Research suggests that eating at least 0.4 grams of protein for every kilogram of body weight in each of our meals, including lunch, is the amount that best supports muscle building. So a 130-pound woman should aim for a lunch that includes no less than 23 grams of protein.

All of this means that for your nutrition to support your fitness goals, you can’t just load up on protein at one meal and ditch it at the next. Besides, a recent study published in the American Journal of Clinical Nutrition found that eating more of your daily calories at lunch than at dinner can help with the pursuit of body composition changes. In other words, a big lunch and light dinner may be wise for someone looking to lean out.

So say goodbye to wimpy, protein-light salads. A mid-day bowl of leafy greens topped with two ounces of cooked chicken, 1/2 cup of chickpeas and 1/2 cup of quinoa will fill your tummy with sufficient amounts of muscle-sculpting, hunger-quelling protein. 

6:30 p.m.

If you’ve been smart with your protein intake earlier in the day, there’s simply no need to overflow your plate with a Flintstone-sized steak at dinner. The aforementioned concept of chrononutrition suggests that our bodies aren’t as good at efficiently using the calories from macronutrients, including protein, as the sun begins to set.

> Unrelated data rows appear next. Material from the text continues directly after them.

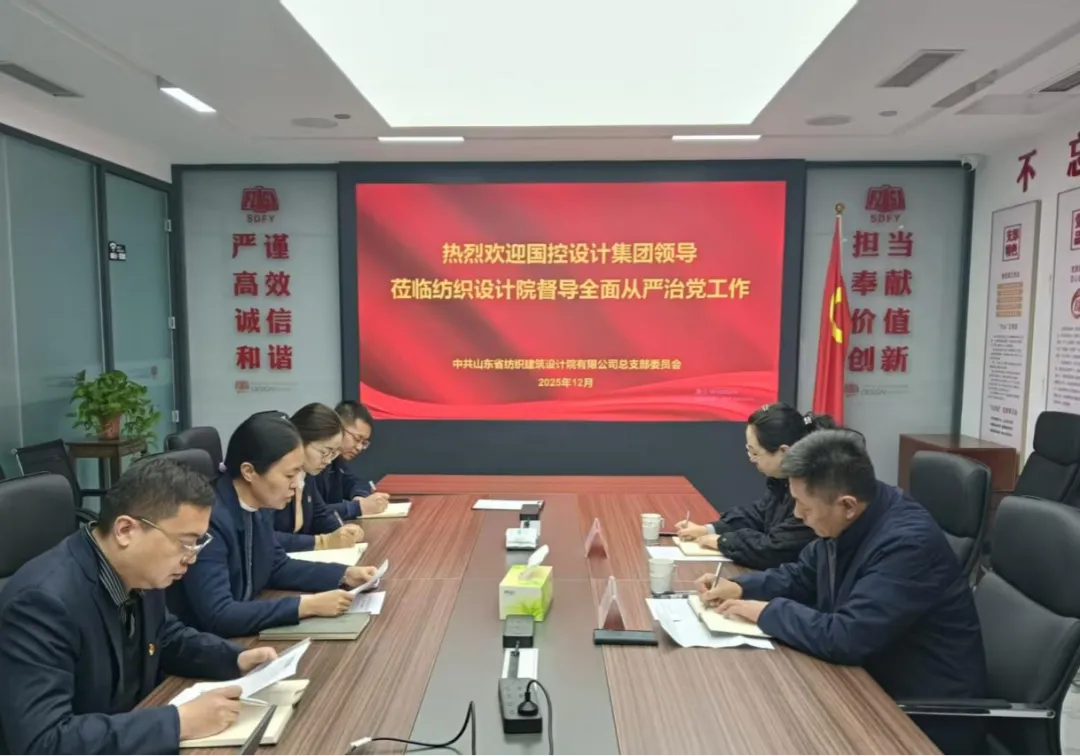 12月4日,山東省國控設計集團有限公司黨委副書記、董事、總經理王風光一行到紡織設計院開展落實全面從嚴治黨主體責任情況督導調研,并全程列席指導紡織設計院黨總支會議。
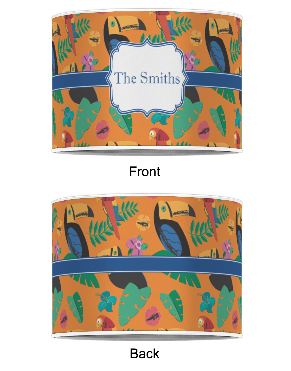 Our customized lamp shades also come in 3 different sizes: 8", 12" and 16", measuring at 8" in diameter by 6" tall, 12" in diameter by 8" tall, and 16" in diameter by 10" tall, respectively.
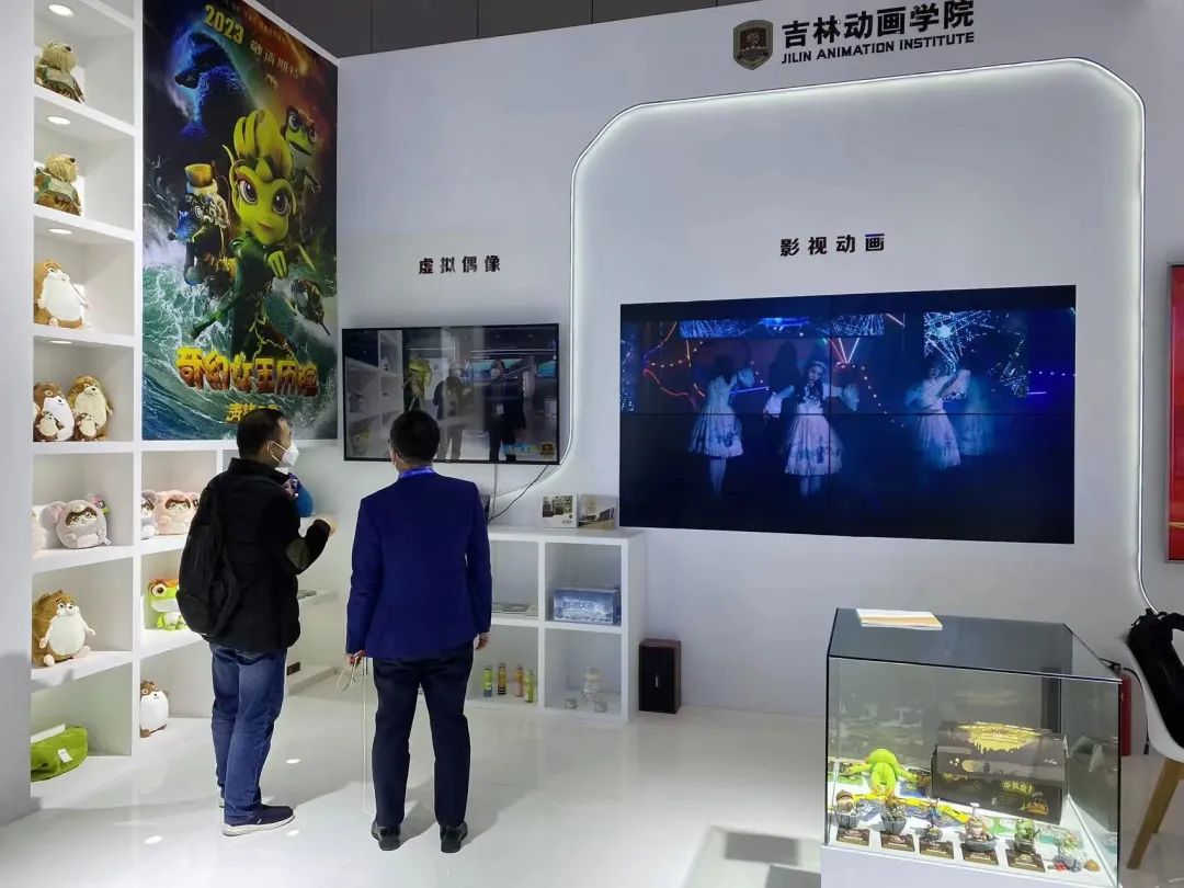 9001jcc金沙以诚为本作为吉林省重点文化单位受邀参加本次展会。吉动展区分为影视动漫展示区、红色漫画IP展示区、虚拟人物互动展示区、裸眼3D作品展示区、文创产品展示区。主要展示9001jcc金沙以诚为本“学研产一体化”的办学特色,以市场高端项目引领教学变革,强化专业资源支撑,不断深化产教互通,实现“艺术、技术、市场”有机融合等方面所取得的成果。

Too many late-day calories could even drive up the risk for heart disease and frustration during weight-loss efforts. Besides, there is only so much protein that your body can use in one sitting. A study from the University of Texas found that consuming 90 grams of protein at one meal provides no additional benefit regarding muscle protein synthesis as eating a much more modest 30 grams, the amount in about 5 ounces of grilled salmon. Any extra is likely just spillover.

Consider this a good time to more frequently serve up plant-based proteins like tofu and lentils. A study in the Journal of Clinical Endocrinology & Metabolism discovered that eating a plant-based meal for dinner was associated with 10% lower odds of cardiovascular diseases. The study, based on data from 27,911 adults in the US, also showed that individuals who consumed a lot of fatty meats and refined carbohydrates during dinner had greater odds of developing heart health woes.

10:00 p.m.

While late-night snacking is generally frowned upon, reaching for a bit of protein before hitting the hay could benefit your training and physique goals.

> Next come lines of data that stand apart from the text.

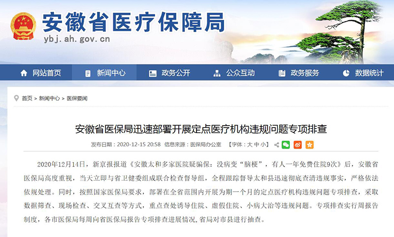 據(jù)安徽省醫(yī)保局網(wǎng)站消息,2020年12月14日,新京報報道《安徽太和多家醫(yī)院疑騙保:沒病變“腦?!?,有人一年免費(fèi)住院9次》后,安徽省醫(yī)保局高度重視,當(dāng)天立即與省衛(wèi)健委組成聯(lián)合檢查督導(dǎo)組,全程跟蹤督導(dǎo)太和縣迅速徹底查清違規(guī)事實(shí),嚴(yán)格依法依規(guī)處理。
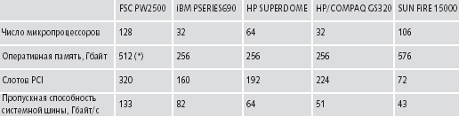 Характеристики конфигураций некоторых серверов с общим полем памяти
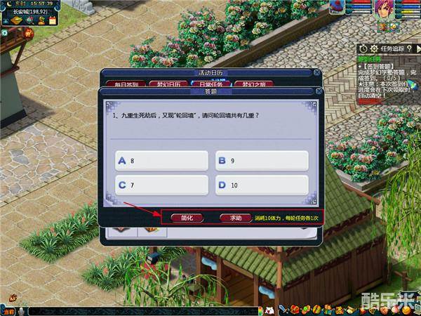 玩家每轮签到答题可以各使用1次“简化”和“求助”功能。使用“简化”可以去掉一个错误答案;使用“求助”可以发送当前问题给好友和帮众,看看谁能最快解答疑难~
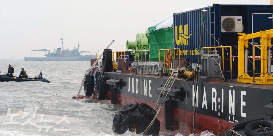 세월호 여객선 침몰 사고 11일째인 지난달 26일 오후 전남 진도군 관매도 인근 사고 해역에 수색작업을 위해 언딘 리베로 바지선이 정박해 있다. (황진환 기자/자료사진)
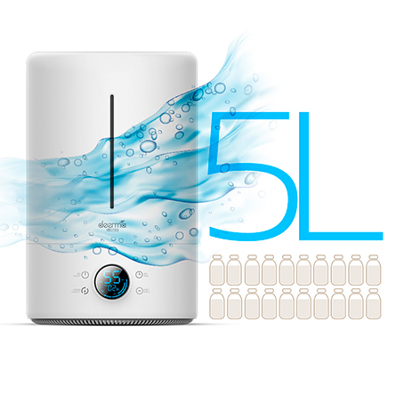 Объем резервуара 5 литров рассчитан на длительную работу. Включайте увлажнитель воздуха во время сна для оптимального увлажнения кожи и насыщения влагой. Тихая работа не помешает спокойному сну.
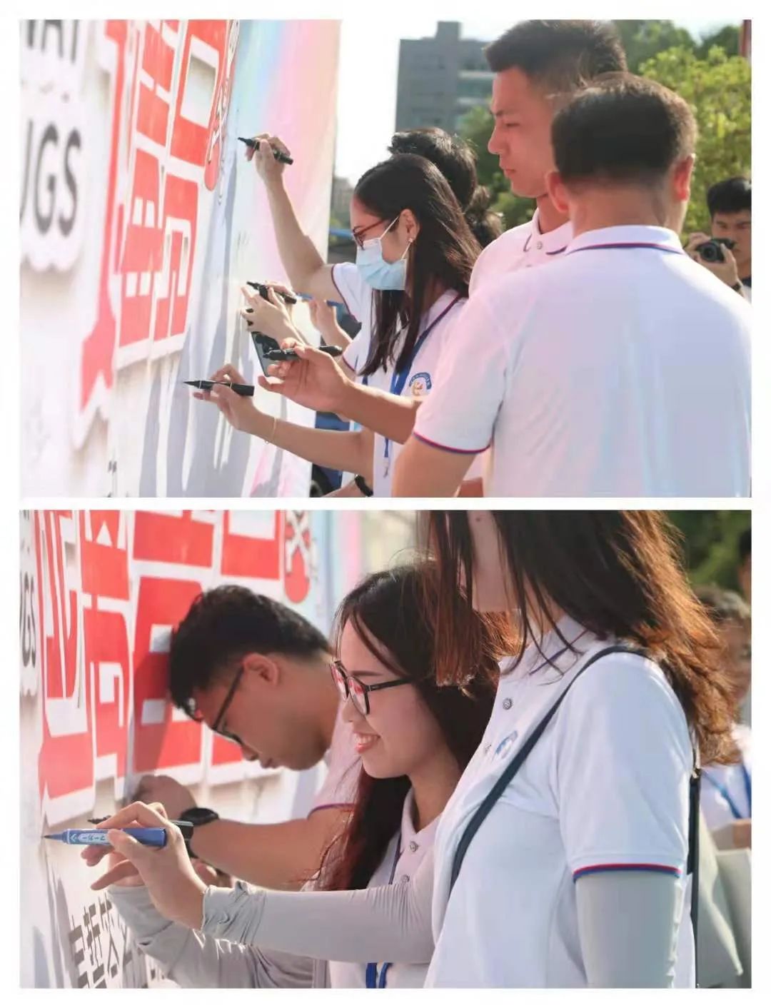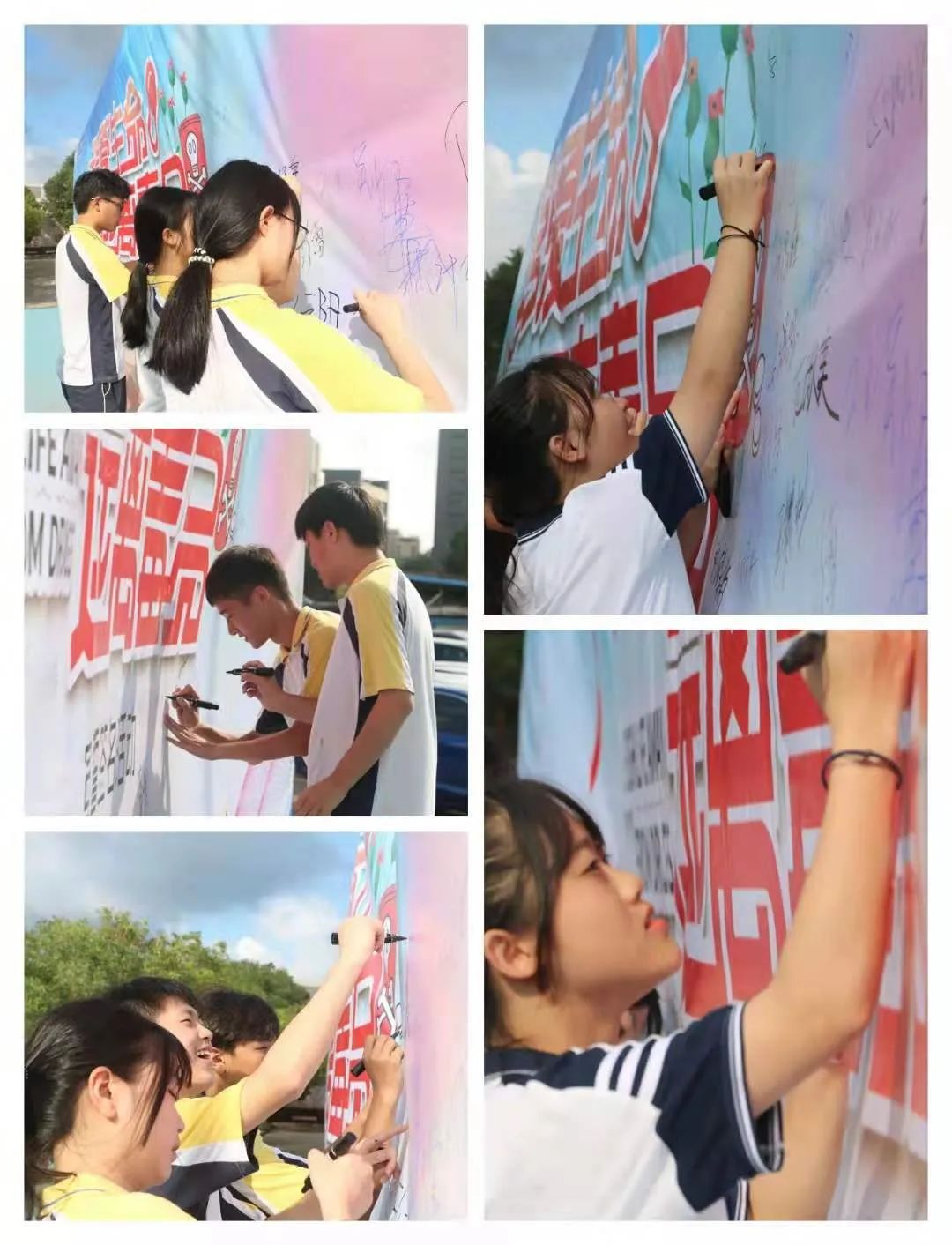 同学们在禁毒主题板上签名

Research suggests that consuming about 20 grams of protein at night can increase muscle protein synthesis and improve whole-body protein balance during sleep, especially if this follows up an evening workout. This essentially reduces the window that your body is in a protein-fasted state to maximize your 24-hour muscle-building potential.

A chunk of the research supports that casein protein, found in dairy foods and especially abundant in cottage cheese, is most impactful since it is a slower digesting protein so will trickle amino acids into your system for several hours while you snooze. Consuming this type of protein in the evening may also bump up your morning resting metabolic rate, which could be beneficial for fat loss. So you could spoon up a bowl of cottage cheese or make a small smoothie with casein protein powder as a pre-bed snack. But other protein foods at night such as Greek yogurt or a plant-based protein bar are likely also helpful for muscle health.

And don’t lose sight that most active women need at least 1.2 grams of protein per kilogram of body weight (71 grams for a 130-pound female) in a day. By adding another protein intake opportunity, you might be more likely to reach your daily goal — and we already know that spreading protein intake out throughout the day is a smart move.

Just be aware that late-night protein intake is likely much more beneficial for people who are frequently performing resistance or high-impact training. If yoga and casual strolls in the park are your jam, the need for an extra dose of protein is probably less.